- Born: Michel Werner von Grünau 3 October 1944 Bayrischzell, Germany
- Died: 22 December 2011 (aged 67) Montreal, Quebec, Canada
- Scientific career
- Fields: Psychology, neuropsychology
- Workplaces: Concordia University

= Michael von Grünau =

Canadian psychologist (1944–2011)

Michael Werner von Grünau (October 3, 1944 – December 22, 2011) was a Canadian psychologist and neurophysiologist at Concordia University.

==Early life and education==

von Grünau was born in Germany, the son of Viktoria Hanke and Werner von Grünau. His father was a translator and a writer; his mother was a housewife and a writing assistant for her husband.

von Grünau grew up in West Germany, but emigrated to Canada in about 1965 to study physics at University of Toronto. He graduated in 1968, but then commenced a MA in psychology, graduating in 1971, and a PhD, graduating in 1975. His PhD was supervised by Paul Kolers.

==Career==

In the early 1980s von Grünau moved to the Department of Psychology at Queen's University at Kingston, where he founded a neurophysiology laboratory to study the visual system of cats. He continued his psychophysical studies of human visual perception.

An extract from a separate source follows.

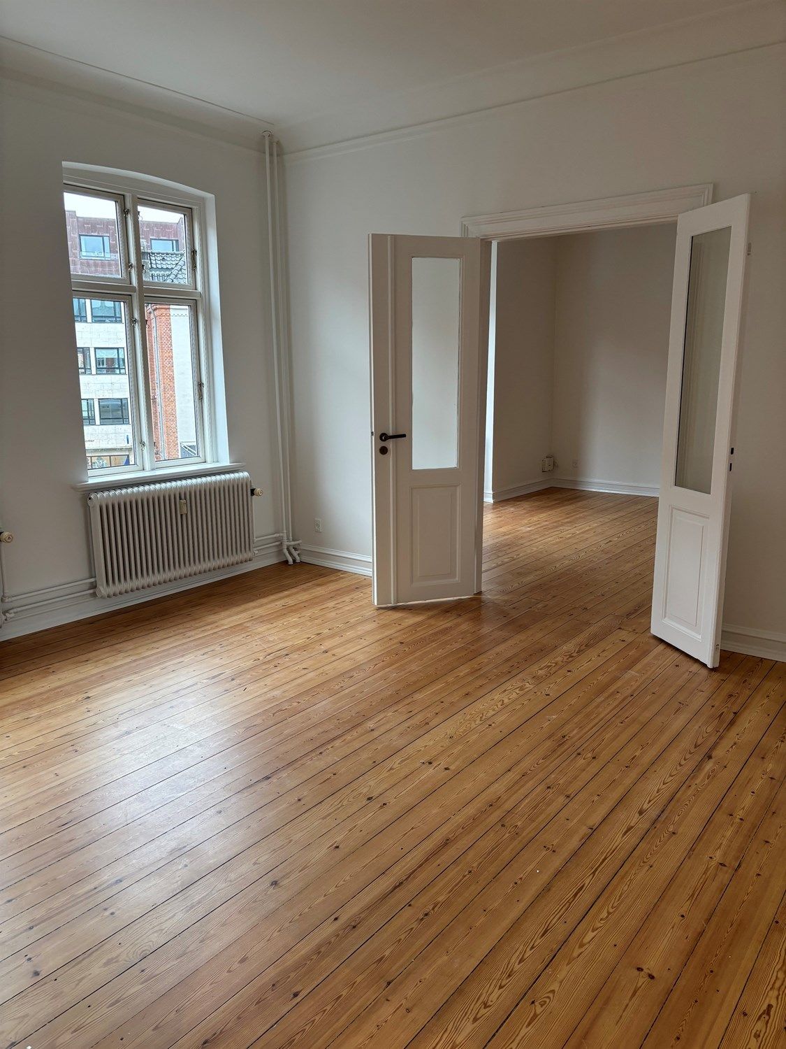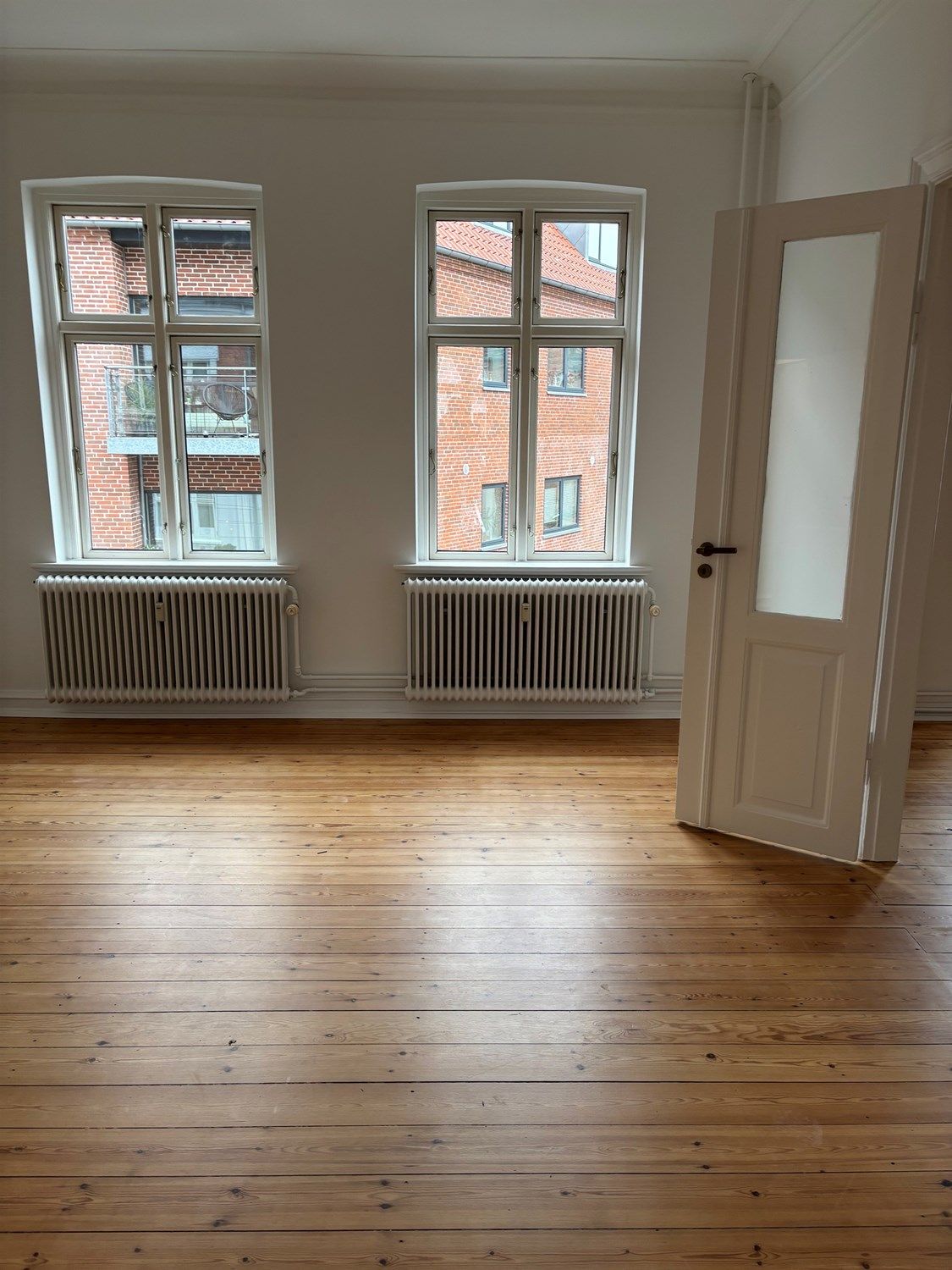 Lejligheden byder på en rummelig entré, to store stuer med adgang til altan med smuk udsigt over Viborgsøerne, samt to værelser – det ene med udgang til en altan, der vender ind mod det hyggelige Sct. Mogensgården.
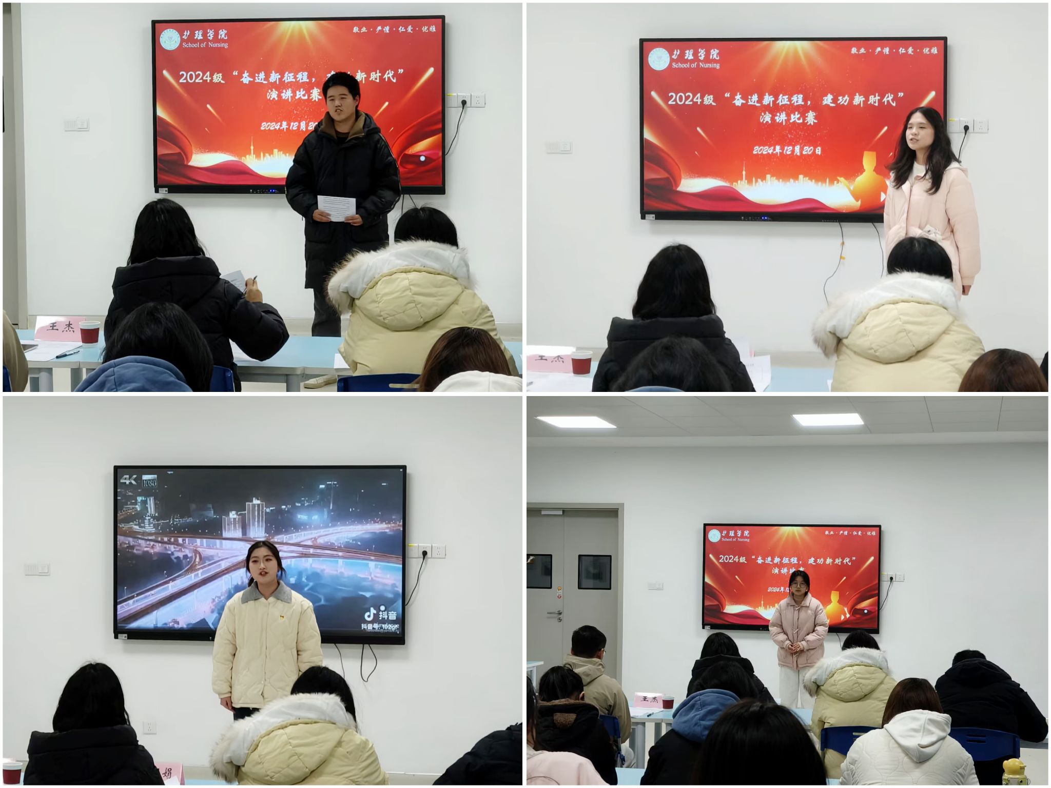初心映党旗,青春书华章。为厚植学生爱党爱国情怀,提升文化素养与表达能力,展现护理青年的蓬勃朝气,学院组织开展“奋进新征程  建功新时代”演讲比赛。选手们激情澎湃,以饱满真挚的情感讲述对党的二十大和二十届三中全会精神的理解认识,倾诉皖医校园学习生活的所思所感,以及对未来投身护理事业、守护人民健康的坚定决心。大赛最终评选出一等奖2名、二等奖3名、三等奖5名。

In about 1987, von Grünau spent about 18 months as a postdoctoral fellow at the National Research Council (Canada) in the Division of Physics, under the supervision of Bill Cowan. He worked mainly with Patrick Cavanagh.

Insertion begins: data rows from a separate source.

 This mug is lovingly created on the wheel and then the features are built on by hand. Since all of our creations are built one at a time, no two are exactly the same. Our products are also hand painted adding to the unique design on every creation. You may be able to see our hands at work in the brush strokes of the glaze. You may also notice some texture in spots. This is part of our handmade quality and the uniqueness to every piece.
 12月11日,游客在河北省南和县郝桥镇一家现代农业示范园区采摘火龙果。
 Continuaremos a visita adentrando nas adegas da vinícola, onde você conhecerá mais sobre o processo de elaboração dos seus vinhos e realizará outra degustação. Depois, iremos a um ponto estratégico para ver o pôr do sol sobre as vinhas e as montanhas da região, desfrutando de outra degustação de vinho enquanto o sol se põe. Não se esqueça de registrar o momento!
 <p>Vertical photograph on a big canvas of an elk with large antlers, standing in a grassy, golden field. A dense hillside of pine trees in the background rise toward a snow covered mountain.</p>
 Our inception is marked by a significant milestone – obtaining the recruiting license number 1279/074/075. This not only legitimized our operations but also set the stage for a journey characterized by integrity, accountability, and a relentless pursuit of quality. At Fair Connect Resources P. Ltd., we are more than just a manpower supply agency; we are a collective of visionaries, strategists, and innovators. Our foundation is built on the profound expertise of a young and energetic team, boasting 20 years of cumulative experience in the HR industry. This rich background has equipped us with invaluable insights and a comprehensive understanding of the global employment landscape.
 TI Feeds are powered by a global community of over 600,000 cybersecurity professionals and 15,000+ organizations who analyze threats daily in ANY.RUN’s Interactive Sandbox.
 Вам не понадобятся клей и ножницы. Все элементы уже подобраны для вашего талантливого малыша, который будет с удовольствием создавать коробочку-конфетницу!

In 1989, von Grünau moved to the Department of Psychology at Concordia University in Montreal, where he worked until his death in 2011.

==Research==

Around 1975, von Grünau conducted research into the color phi phenomenon, investigating the influence of color on apparent movement from stationary images, and also into the fluttering heart phenomenon in which a red patch on a blue background appears to jump around as an observer moves his or her eyes.

In the early 1980s von Grünau conducted neurophysiology studies on the visual system of cats, including on the plasticity of their binocular vision. He also continued his psychophysical studies of human visual perception.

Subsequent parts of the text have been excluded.